Qwen2 72b BEATS LLaMA3 70b - Fully Tested (0.5b not good)

The video compares the performance of the Quen 2 model, available in both 72 billion and 0.5 billion parameter versions, with the Llama 3 model. The Quen 2 model, particularly the 72 billion parameter version, demonstrates superior capabilities in handling various prompts and tasks, outperforming the Llama 3 model and showcasing advancements in AI models for natural language processing.

In this video, a comparison is made between the newly released Quen 2 model by The Alibaba Group and the Llama 3 model. The Quen 2 model is tested in two variations: a 72 billion parameter version and a 0.5 billion parameter version, aiming to showcase both quality and speed. The Quen 2 model offers pre-trained and instruction-tuned models in various sizes, with extended context length support for the larger versions.

The performance evaluation of Quen 2, particularly the 72 billion parameter version, shows that it outperforms Llama 3 and other models across various evaluations. In the testing process, different prompts are given to the models, such as coding tasks, logic and reasoning questions, and word-related queries. The results vary between the two models, with the larger Quen 2 model generally providing more accurate and detailed responses compared to the smaller version.

The testing reveals that the smaller model struggles with complex questions, often failing to produce accurate responses or complete tasks correctly. In contrast, the larger Quen 2 model demonstrates better understanding and reasoning capabilities, yielding more precise and insightful answers. The models’ performance is assessed based on their ability to handle a range of prompts and tasks, showcasing the differences in their capabilities.

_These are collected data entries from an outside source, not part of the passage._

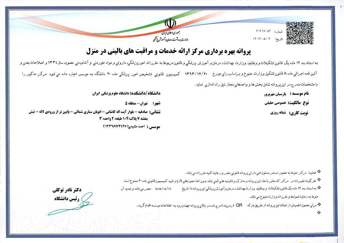 مرکز خدمات پرستاری مهرپرور دارای مجوز رسمی ارائه خدمات پرستاری در منزل از دانشگاه علوم پزشکی مربوطه بوده و تحت نظارت وزارت بهداشت، درمان و آموزش پزشکی فعالیت می‌کند.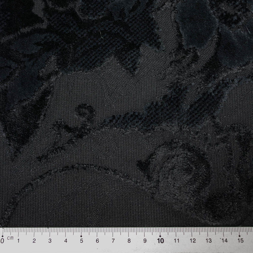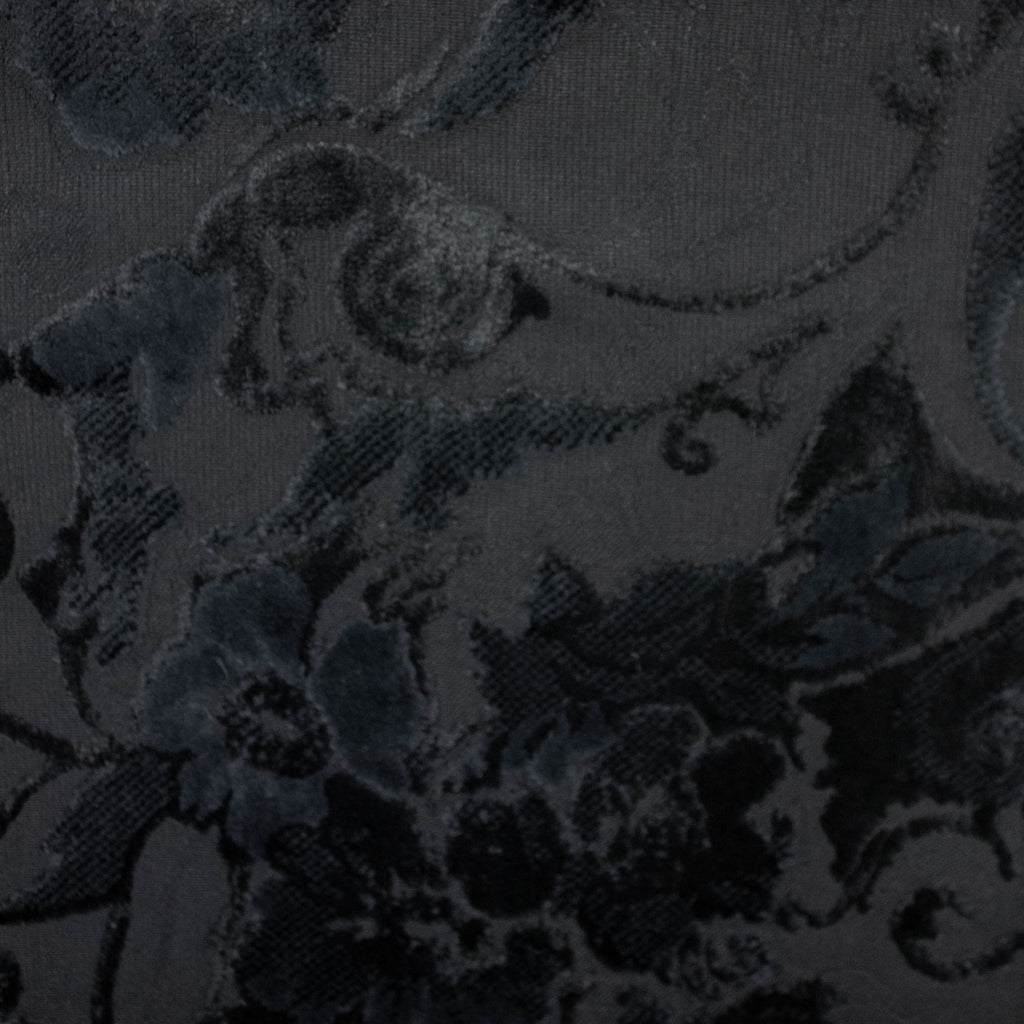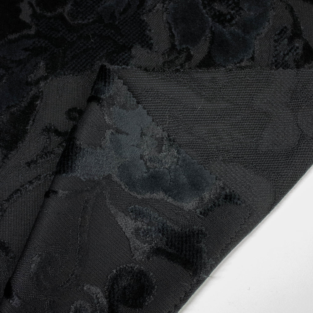 Doja Black Floral Flocked Cotton Jacquard Fabric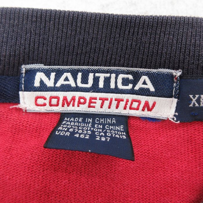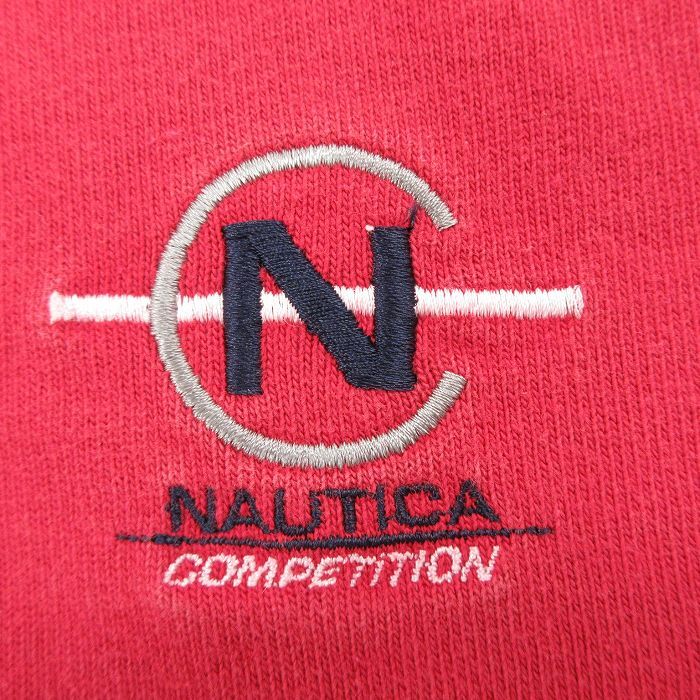 【商品名】 XL★古着 ノーティカ 長袖 ブランド Tシャツ メンズ 00年代 00s ワンポイントロゴ コンペティション 大きいサイズ コットン Vネック 赤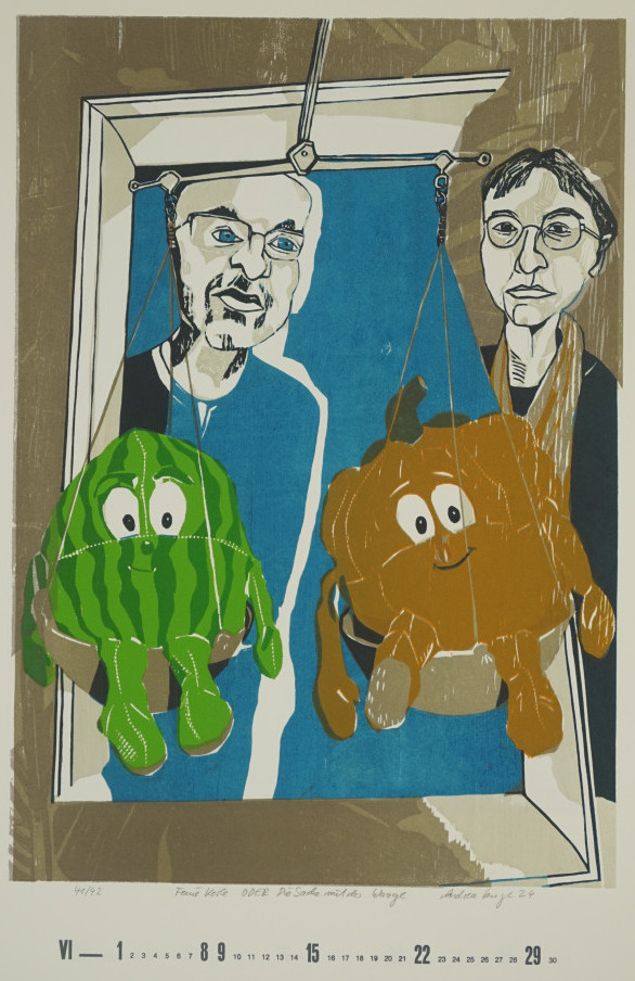 Galerie Feine Kerle ODER Die Sache mit der WaageFarbholzschnitt/Pappdruck, 50,0x42,0 59,5x47,0 cm, 41/42 2024Lange Andrea

While the smaller model shows limitations in handling certain types of queries, such as logic problems and open-ended questions, the larger Quen 2 model excels in providing coherent explanations and accurate solutions. The video highlights the importance of model size and parameters in determining the quality of responses and overall performance. The Quen 2 model, particularly the 72 billion parameter version, emerges as a powerful and versatile tool for a wide range of natural language processing tasks.

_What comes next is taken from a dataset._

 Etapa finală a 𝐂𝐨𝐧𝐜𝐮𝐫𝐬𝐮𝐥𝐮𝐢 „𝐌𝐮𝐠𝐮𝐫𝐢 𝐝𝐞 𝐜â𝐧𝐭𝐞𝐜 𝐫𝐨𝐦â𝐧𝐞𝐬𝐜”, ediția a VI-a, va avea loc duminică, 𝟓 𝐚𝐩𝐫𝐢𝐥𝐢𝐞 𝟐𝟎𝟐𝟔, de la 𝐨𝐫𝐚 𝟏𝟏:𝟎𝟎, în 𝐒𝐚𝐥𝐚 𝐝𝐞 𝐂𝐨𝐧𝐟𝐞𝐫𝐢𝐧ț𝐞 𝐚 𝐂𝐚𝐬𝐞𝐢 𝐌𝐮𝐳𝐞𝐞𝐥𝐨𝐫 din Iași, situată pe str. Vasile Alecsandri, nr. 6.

Overall, the comparison between the Quen 2 model and Llama 3 demonstrates the advancements in AI models and their capabilities. The video showcases the impact of model size on performance and the potential applications of these models in various fields. The Quen 2 model stands out for its superior performance and accuracy, especially in handling complex queries and tasks. The evolution of AI models like Quen 2 highlights the continuous progress in natural language processing and the potential for further advancements in the future.